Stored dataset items
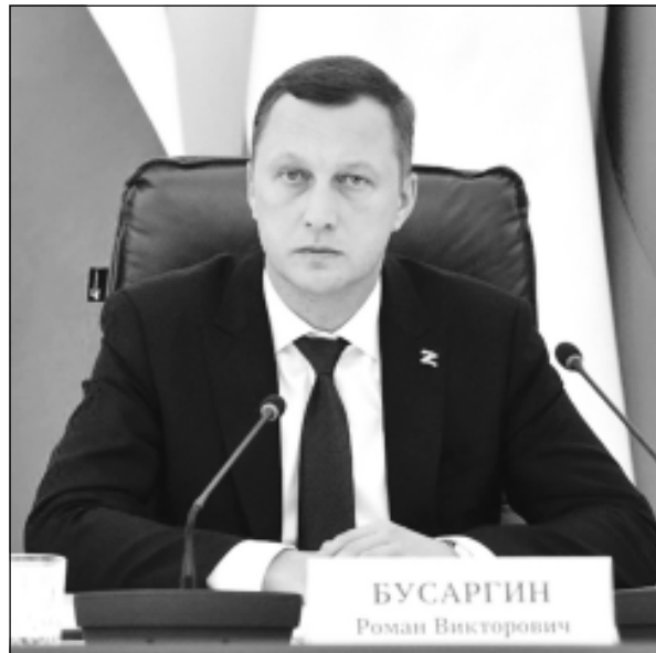
уже на полигон, – высказался глава региона. Губернатор также отметил, что уже сейчас должно быть понимание, где будут брать дополнительную технику на случай сильных снегопадов.

– Чтобы выехать за город, технике понадобится минимум час. К примеру, днем сгрузили снег в места временного хранения, ночью его оттуда увезли
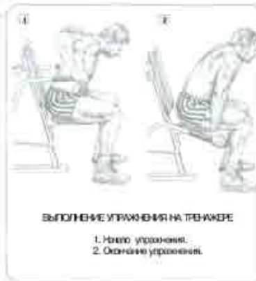
ВЫПОЛНЕНИЕ УПРАЖНЕНИЯ НА БЕНЧЕ

С этой целью следует использовать тренажеры, позволяющие отработать соответствующую технику. Выполнение упражнения 10-20 раз дает оптимальный результат. Для увеличения объема и силы мышц опытные спортсмены подвешивают к специальному поясу закрепленные гантели или диски от штанги.
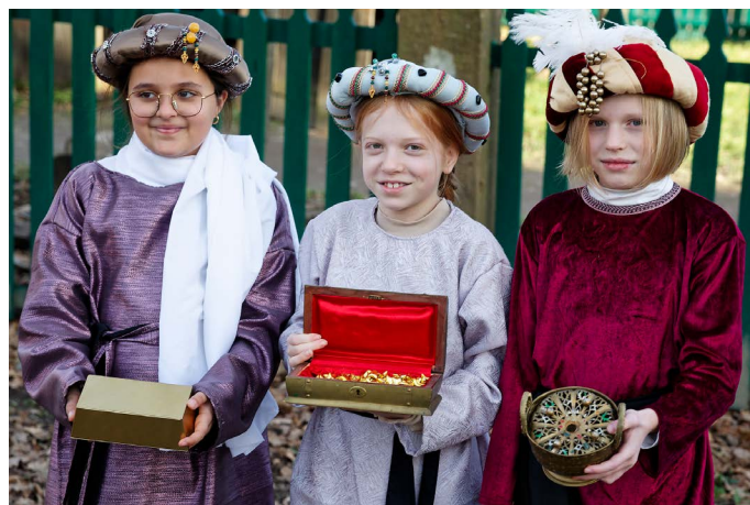
Les offrandes des petits rois petites reines.
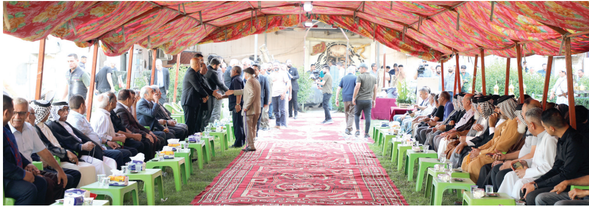
شيوخ عشائر ومثقفون وشخصيات اكااديمية في سرداق العزاء

> Exercise requirements
Repeat the records in full, exactly as they appear, but with the pictures removed.

> Task solution
уже на полигон, – высказался глава региона. Губернатор также отметил, что уже сейчас должно быть понимание, где будут брать дополнительную технику на случай сильных снегопадов.

– Чтобы выехать за город, технике понадобится минимум час. К примеру, днем сгрузили снег в места временного хранения, ночью его оттуда увезли
ВЫПОЛНЕНИЕ УПРАЖНЕНИЯ НА БЕНЧЕ

С этой целью следует использовать тренажеры, позволяющие отработать соответствующую технику. Выполнение упражнения 10-20 раз дает оптимальный результат. Для увеличения объема и силы мышц опытные спортсмены подвешивают к специальному поясу закрепленные гантели или диски от штанги.
Les offrandes des petits rois petites reines.
شيوخ عشائر ومثقفون وشخصيات اكااديمية في سرداق العزاء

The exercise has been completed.